# recurve tiller question



## minnie3 (Jul 28, 2009)

my friend shoots 3d unsighted recurve .a hoyt eclpse with some 30# vector limbs , before this, he shot a gamemaster which had no tiller adjustment. he's unsure of how a 3 under shooter's 
tiller setting would be different from a split finger shooters tiller. how should he set the tiller? any replies appreciated. thanks.


----------



## teammemphis (Jan 6, 2010)

I am not for sure but I would have to say that the tiller should be around 1/2" Maybe someone else can help but that would be a good starting point.


----------



## Viper1 (Aug 21, 2003)

minnie - 

Tiller is typically 0/0 to 1/4" lower limb positive (shorter), and the factory default should be within that range. Unless he feels the bow "pulling" up or down during the draw, leave it alone.

Viper1 out.


----------



## teammemphis (Jan 6, 2010)

Viper1 said:


> minnie -
> 
> Tiller is typically 0/0 to 1/4" lower limb positive (shorter), and the factory default should be within that range. Unless he feels the bow "pulling" up or down during the draw, leave it alone.
> 
> Viper1 out.


I agree with this if he was shooting with one finger over and two under bet he said he was shooting all 3 under. so the tiller should be more like 3/8 to 1/2.


----------



## Viper1 (Aug 21, 2003)

tm - 

Nope. The difference in tiller, especially on a bow as long as the OP's, can be within the specs I quoted and the tuning be accomplished by small changes in nocking point placement.

Viper1 out.


----------



## SBills (Jan 14, 2004)

Viper is right. I would start at 0. He might find that slightly negative (measurment larger on the lower limb) would work as well.


----------



## minnie3 (Jul 28, 2009)

thanks for the replies, keep them coming.

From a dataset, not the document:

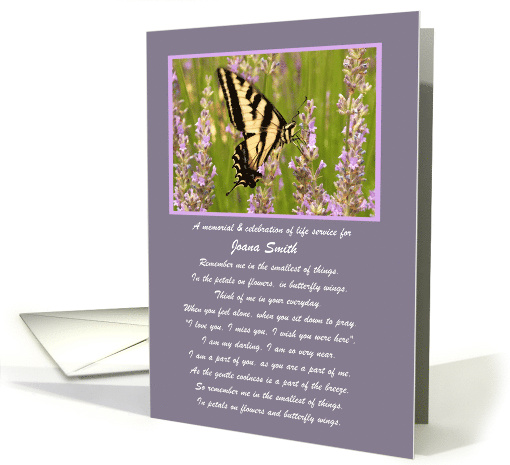 Artist Notes: | A way to let folks know of the passing of a beloved soul and to join in a memorial or celebration of life service. Customize the name on this card of loving remembrance. |
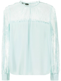 lace-panel blouse Delicate in colour and composition, this mint-green PINKO blouse is crafted from a silk blend and spliced with semi-sheer floral lace at the neck and sleeves. Imported Composition Acetate 70%, Silk 30% SIZE & FIT Model measurements Height 5 ft 10 in(1.79 m) Bust/Chest 31.49 in(80 cm) Hips 35.03 in(89 cm) Waist 23.62 in(60 cm) FittingInformation This piece fits true to size. We recommend you get your regular size Cut for a loose fit Made with a lightweight non-stretch fabric Washing instructions Hand Wash

i'm a 3d unsighted compound finger shooter, as was dave until he discovered recurve via a gamemaster. we both shoot 3d, (unknown max. 30yards) and gap shoot using a high anchor. our club members are mostly sighted compound release shooters so there's little relevant information available to us locally.

thanks again and happy shooting


----------



## FS560 (May 22, 2002)

It is necessary to experiment with your particular limb set, but for three under, less positive tiller is generally needed or maybe none.

For recurve, the need for positive tiller is because the bow is drawn above center and trying to pull the top limb tip farther. In reality, a slightly weaker spine limb will accomplish this quite nicely, however. But, sadly, limb pairs are not made that way.

Three fingers under the arrow causes the bow to be drawn closer to center, thereby not trying to draw the top limb tip as much farther than the bottom.

Therefore, no additional positive tiller may be necessary, or maybe zero tiller.

If stringwalking is planned so that the bow is drawn below center, zero positive tiller may be appropriate, depending on the spine relationship of the two limbs. Also, if one limb is a little weaker, it could go on the bottom along with zero tiller.


----------



## ArtV (Jan 29, 2008)

I've shot barebow (recurve) for years...always with a "0" tiller...meaning both top and bottom limb is tiller dead even. Low medium and hight wrist can alter this very slightly.


----------